Pada hari Jumat, pemerintahan Biden memberlakukan sanksi lain, yang secara khusus menargetkan industri minyak Rusia serta apa yang disebut “armada bayangan” yang bertanggung jawab untuk mengirimkan produk ke seluruh dunia.
“Satu-satunya pilihan yang saya lihat adalah sebagian sanksi hanya dapat dicabut sebagai bagian dari gencatan senjata,” kata Inozemtsev.
“Tetapi Anda tahu, menurut saya pencabutan sanksi pribadi dan kemungkinan menerima kembali modal Rusia di Eropa dan Amerika Serikat dapat menjadi pukulan serius bagi perekonomian. Hal ini dapat menyebabkan arus keluar modal dan sangat mengurangi pertumbuhan serta melemahkan investasi secara keseluruhan. Maka masuk akal untuk menjual perusahaan-perusahaan Rusia dan membawa ibu kotanya ke Barat. Namun semua orang di Barat yakin bahwa para elit Rusia adalah anjing Putin dan, oleh karena itu, mereka perlu melakukan hal tersebut [be] dipukuli sekejam mungkin.
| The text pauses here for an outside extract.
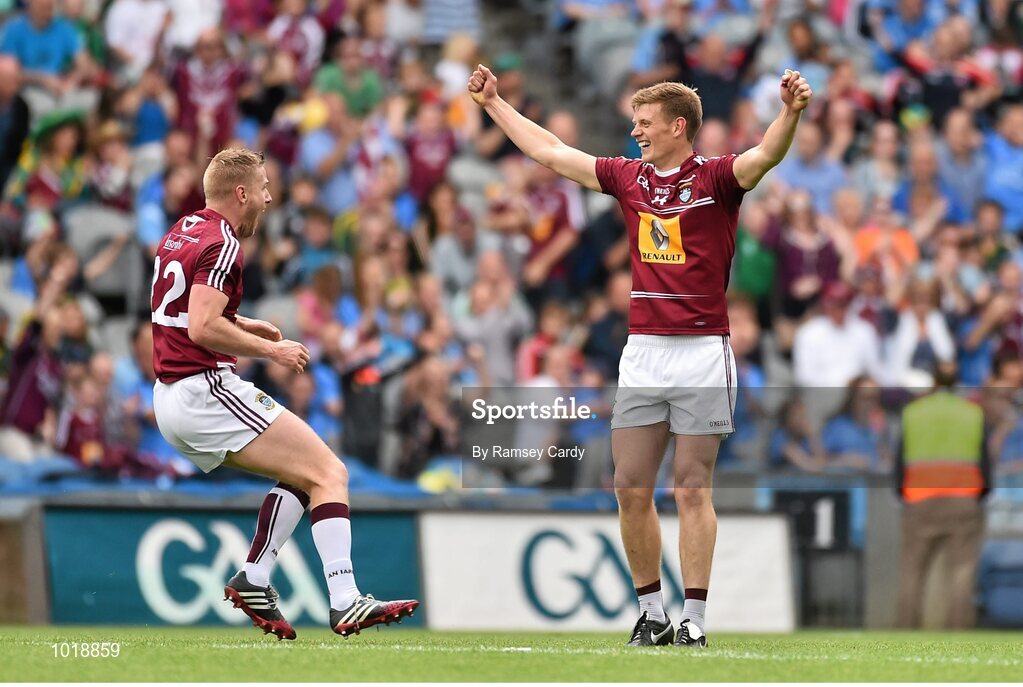 28 June 2015; Westmeath's John Heslin, right, and Dennis Glennon celebrate following their side's victory. Leinster GAA Football Senior Championship, Semi-Final, Westmeath v Meath. Croke Park, Dublin. Picture credit: Ramsey Cardy / SPORTSFILE
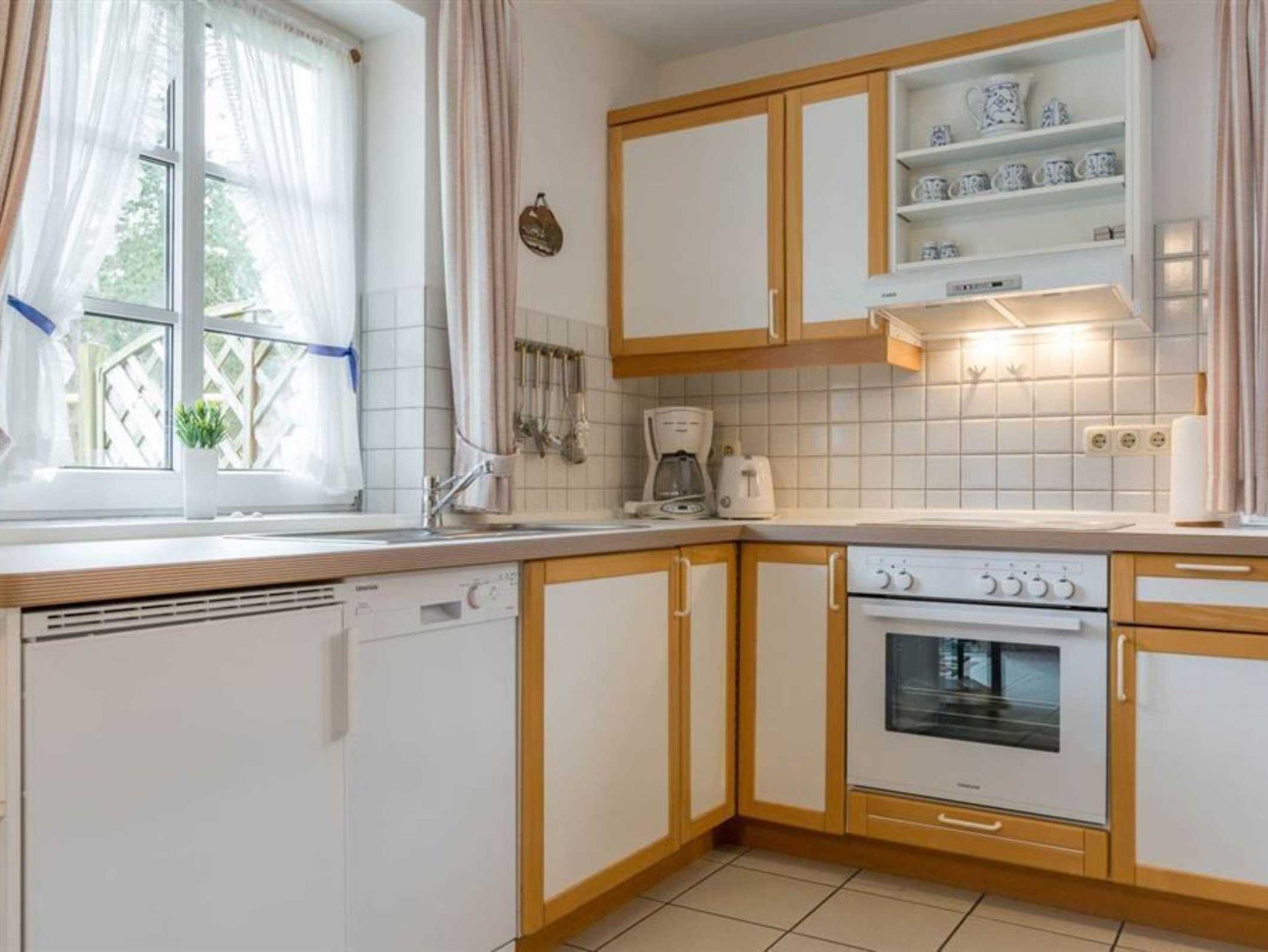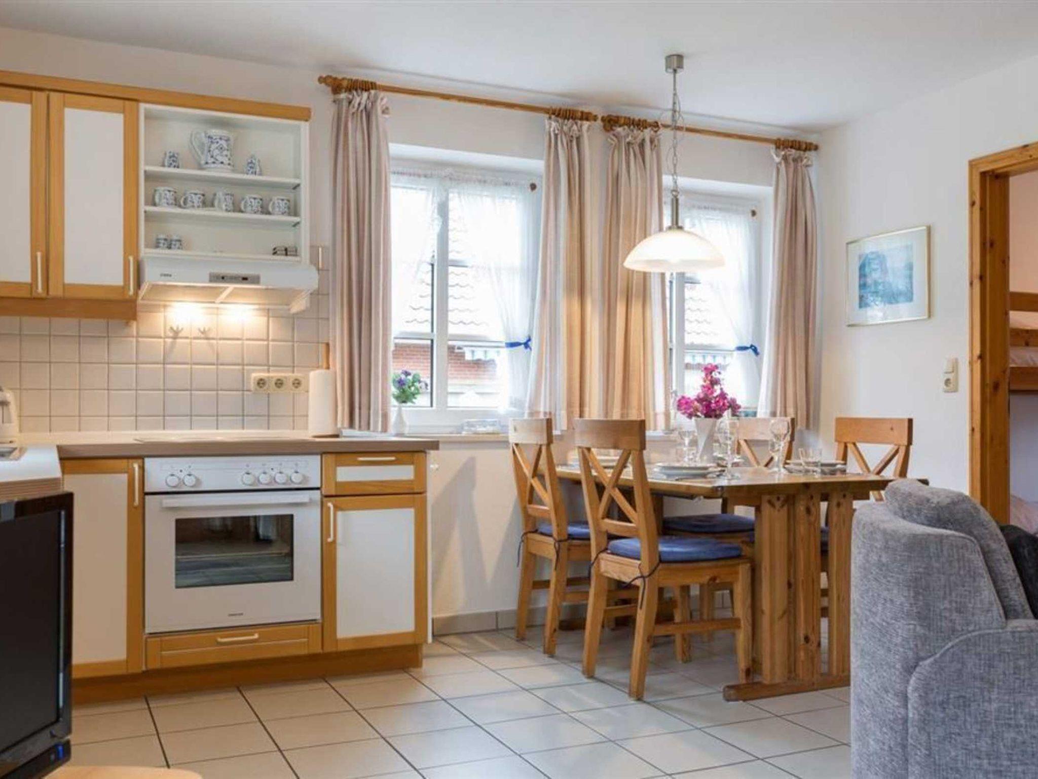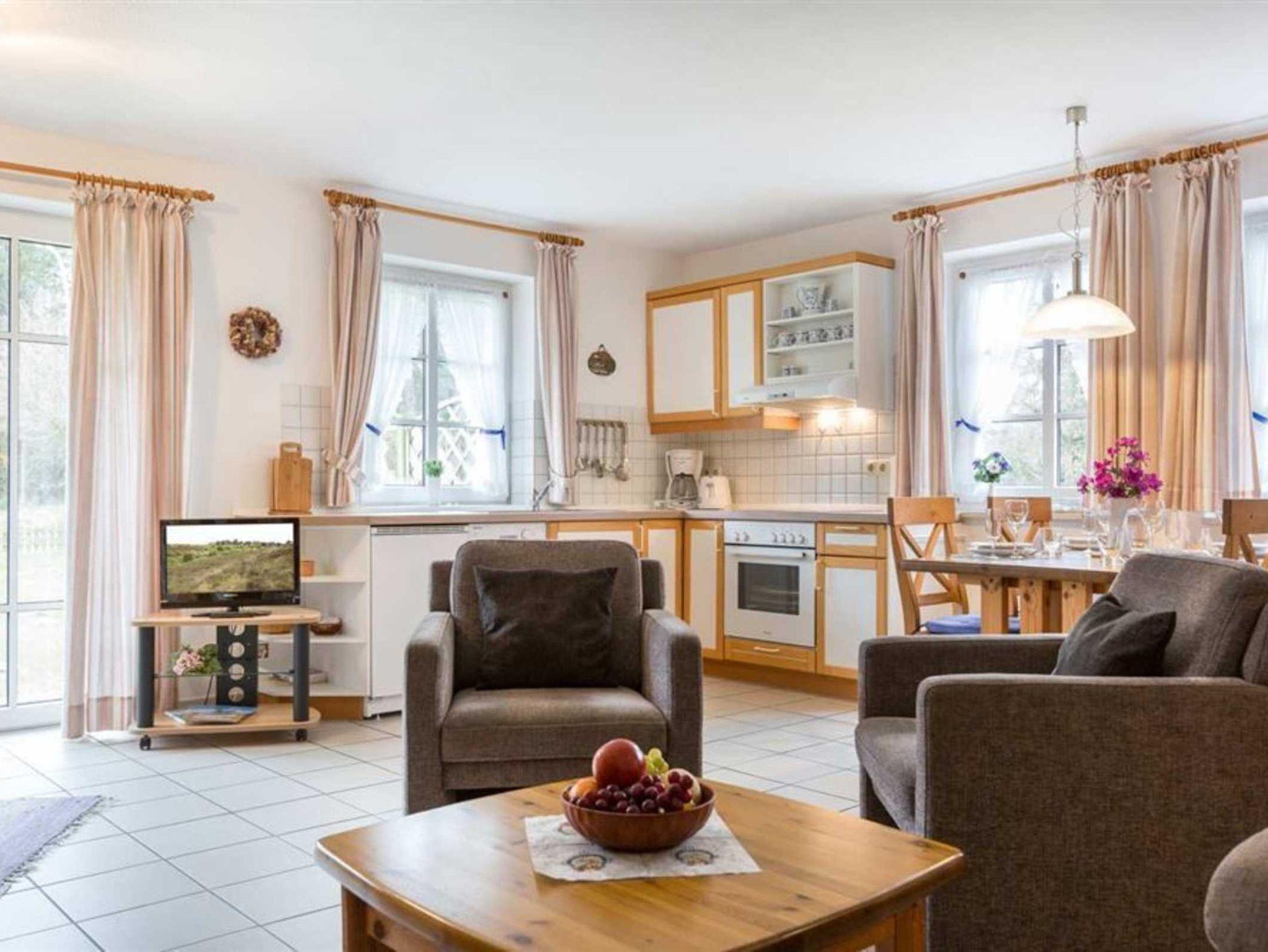 Wohnzimmer mit Sofa für 2 Personen, 2 Sesseln, TV (Kabel), Esstisch mit 4 Stühlen und 2 Einzelbetten (je 90x200cm) im nordirschen Alkovenstil. Abstellraum mit Haushaltsgeräten. Direkter Zugang zur möblierten Gartenterrasse nach Südwesten. Offene Küche mit Backofen, Mikrowelle, Geschirrspüler und Kühlschrank mit Gefrierfach.

Oleh karena itu, saya jelas tidak mengharapkan hal ini.”
Namun Oleg Kouzmin, analis di Renaissance Capital yang berbasis di Moskow, yakin bahwa mencairnya hubungan AS-Rusia akan berdampak besar.
“Sulit membayangkan semua sanksi dicabut dalam semalam, namun setidaknya pemahaman yang jelas bahwa tidak ada sanksi lebih lanjut dan ketegangan geopolitik tidak bertambah buruk akan mengurangi tingkat ketidakpastian saat ini, yang akan menguntungkan bagi negara-negara di dunia. [the] ekonomi dan pasar,” jelasnya.